Wednesday, December 26, 2012

Journals of null results and the goal of replication

Here is my response to the following question that +Gary Marcus forwarded me from one of his readers:
Is there a place in experimental science for a journal dedicated to publishing "failed" experiments? Or would publication in a failed-studies journal be so ignominious for the scientists involved as not to be worthwhile Does a "failed-studies" journal have any chance of success (no pun intended)?

Over the years, there have been a number of attempts to form "null results" journals. Currently, the field has The Journal In Support of the Null Hypothesis (there may well be others). As a rule, such journals are not terribly successful.
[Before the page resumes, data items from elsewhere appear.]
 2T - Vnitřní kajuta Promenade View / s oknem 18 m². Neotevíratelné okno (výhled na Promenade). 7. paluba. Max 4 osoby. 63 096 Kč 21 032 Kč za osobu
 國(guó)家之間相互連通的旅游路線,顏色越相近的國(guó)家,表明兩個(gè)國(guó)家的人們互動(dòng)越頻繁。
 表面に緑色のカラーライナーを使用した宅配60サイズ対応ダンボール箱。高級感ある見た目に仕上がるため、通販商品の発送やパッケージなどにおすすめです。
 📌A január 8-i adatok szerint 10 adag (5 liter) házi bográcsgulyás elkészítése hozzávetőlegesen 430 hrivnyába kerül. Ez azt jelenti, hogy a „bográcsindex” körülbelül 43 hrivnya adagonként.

They tend to become an outlet for studies that can't get published anywhere else. And, given that there are many reasons for failed replications, people generally don't devote much attention to them.
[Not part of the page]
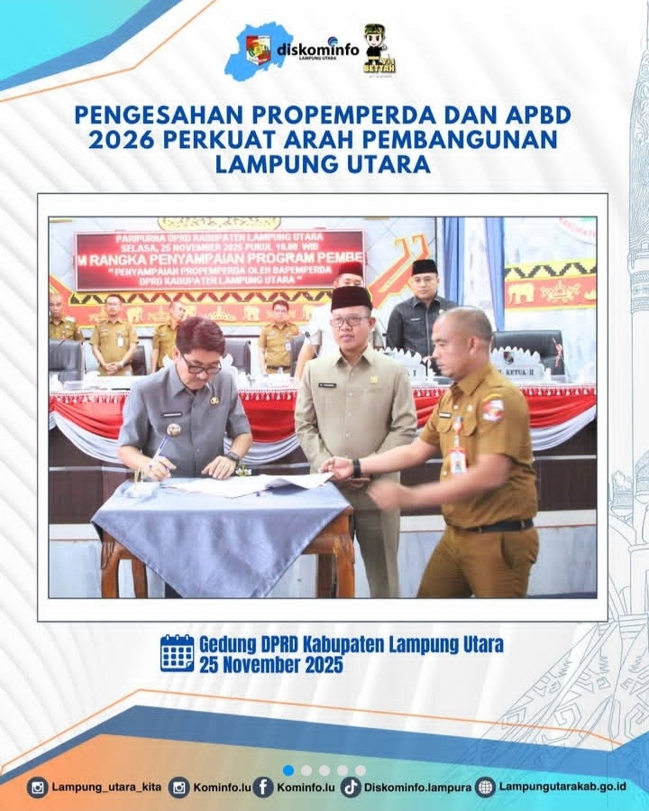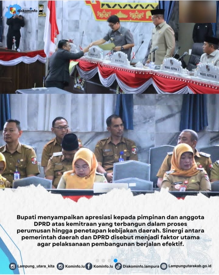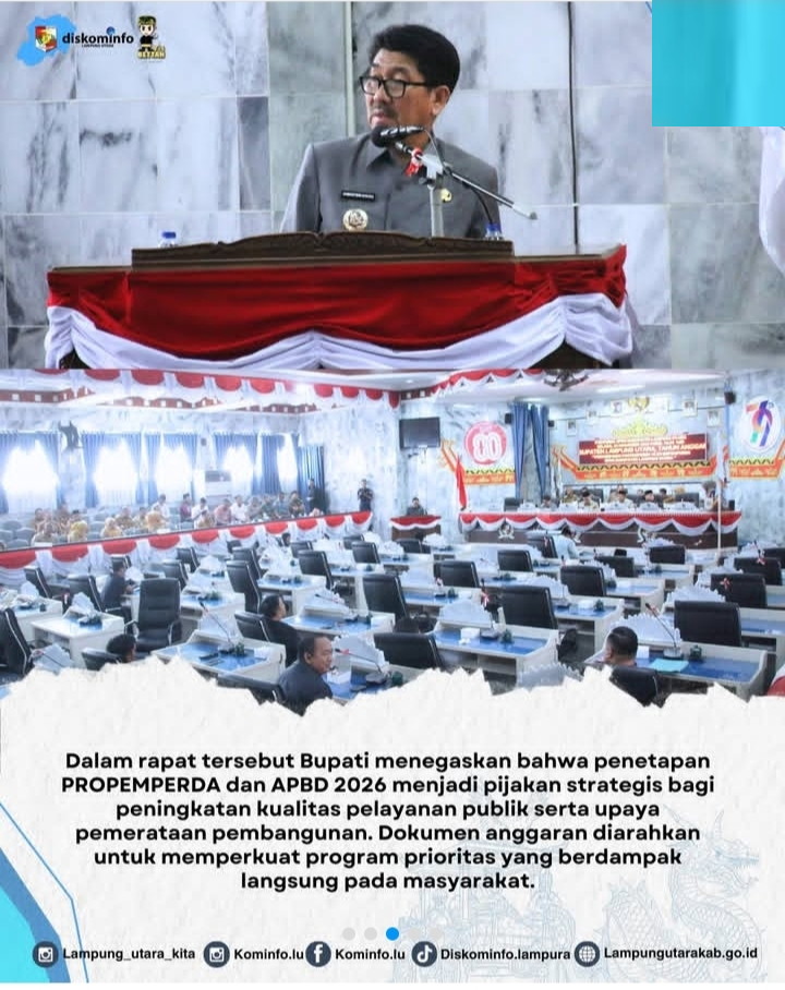 Dalam sambutannya, Bupati menegaskan bahwa penetapan PROPEMPERDA dan APBD 2026 menjadi pijakan strategis untuk mengakselerasi pembangunan daerah. Menurutnya, dokumen anggaran tahun mendatang telah diarahkan untuk memperkuat program-program prioritas yang memberikan dampak nyata bagi masyarakat, terutama pada sektor pelayanan publik dan pemerataan pembangunan di seluruh wilayah Lampung Utara.

Journals like PLoS One have been doing a better job than many others in publishing direct replication attempts. They emphasize experimental accuracy over theoretical contributions, which fits the goal of a journal that publishes replication attempts whether or not they work. There also are websites now that compile replication attempts (psychfiledrawer.org). The main goal of that site is to make researchers aware of existing replication attempts.
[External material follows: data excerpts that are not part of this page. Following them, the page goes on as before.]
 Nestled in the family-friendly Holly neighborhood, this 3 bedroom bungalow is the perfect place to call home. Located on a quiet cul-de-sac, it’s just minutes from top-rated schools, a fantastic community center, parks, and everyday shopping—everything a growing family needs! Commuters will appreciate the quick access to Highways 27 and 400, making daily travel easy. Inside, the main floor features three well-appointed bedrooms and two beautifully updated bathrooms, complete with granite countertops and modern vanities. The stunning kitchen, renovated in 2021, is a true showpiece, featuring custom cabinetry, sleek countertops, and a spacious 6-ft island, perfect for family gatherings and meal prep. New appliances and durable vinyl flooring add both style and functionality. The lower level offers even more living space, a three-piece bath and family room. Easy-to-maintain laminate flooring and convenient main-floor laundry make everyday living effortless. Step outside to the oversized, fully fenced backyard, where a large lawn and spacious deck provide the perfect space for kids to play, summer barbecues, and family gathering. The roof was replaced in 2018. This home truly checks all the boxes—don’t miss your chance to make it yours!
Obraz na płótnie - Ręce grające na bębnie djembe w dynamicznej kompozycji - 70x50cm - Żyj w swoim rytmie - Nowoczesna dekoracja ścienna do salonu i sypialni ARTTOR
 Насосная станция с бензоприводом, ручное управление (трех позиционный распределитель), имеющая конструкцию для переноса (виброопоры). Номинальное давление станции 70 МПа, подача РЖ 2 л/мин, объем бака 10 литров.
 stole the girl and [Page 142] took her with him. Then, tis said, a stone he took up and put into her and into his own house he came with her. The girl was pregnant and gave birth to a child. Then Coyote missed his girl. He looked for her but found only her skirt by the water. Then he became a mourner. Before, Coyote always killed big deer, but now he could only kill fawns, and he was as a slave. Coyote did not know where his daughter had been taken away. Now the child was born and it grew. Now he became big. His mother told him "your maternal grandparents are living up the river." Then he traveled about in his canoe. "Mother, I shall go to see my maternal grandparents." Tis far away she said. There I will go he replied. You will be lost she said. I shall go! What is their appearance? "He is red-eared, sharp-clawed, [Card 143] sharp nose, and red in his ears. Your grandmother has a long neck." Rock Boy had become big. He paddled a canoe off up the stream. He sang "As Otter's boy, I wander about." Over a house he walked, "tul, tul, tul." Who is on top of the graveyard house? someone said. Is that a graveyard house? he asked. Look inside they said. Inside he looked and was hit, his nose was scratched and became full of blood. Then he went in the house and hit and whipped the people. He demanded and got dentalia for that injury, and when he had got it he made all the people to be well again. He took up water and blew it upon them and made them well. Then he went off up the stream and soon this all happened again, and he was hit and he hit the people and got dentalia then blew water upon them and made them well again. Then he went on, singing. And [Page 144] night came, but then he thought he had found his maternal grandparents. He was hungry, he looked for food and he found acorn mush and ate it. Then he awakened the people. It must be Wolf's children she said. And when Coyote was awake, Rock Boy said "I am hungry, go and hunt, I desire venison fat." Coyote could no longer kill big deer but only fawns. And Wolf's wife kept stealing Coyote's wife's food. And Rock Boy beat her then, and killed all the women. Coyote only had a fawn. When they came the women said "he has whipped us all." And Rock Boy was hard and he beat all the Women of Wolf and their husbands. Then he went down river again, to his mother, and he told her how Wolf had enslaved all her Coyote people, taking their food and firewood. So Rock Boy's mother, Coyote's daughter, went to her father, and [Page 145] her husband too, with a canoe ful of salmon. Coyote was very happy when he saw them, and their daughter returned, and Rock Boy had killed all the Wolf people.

For me, there's a bigger problem with null results journals and websites: They treat replications as an attempt to make a binary decision about the existence of an effect. The replication either succeeds or fails, and there's no intermediary state of the world. Yet, in my view, the goal of replication should be to provide a more accurate estimate of the true effect, not to decide whether a replication is a failure or success.

Few replication attempts should lead to a binary succeed/fail judgment. Some will show the original finding to be a true false positive with no actual effect, but most will just find at the original study overestimated the size of the effect (I say "most" because publication bias ensures that many reported effects overestimate the true effects). The goal of replication should be to achieve greater and greater confidence in the estimate of the actual effet. Only with repeated replication can we zero in on the actual estimate. The greater the size of the new study (e.g., more subjects tested), the better the estimate.

The initiatives I'm pushing behind the scenes (more on those soon) is to encourage multiple replications using identical protocols in order to achieve a better estimate of the true effect. One failure to replicate is no more informative than one positive effect -- both results could be false. With repeated replication, though, we get a sense of what the real effect actually is.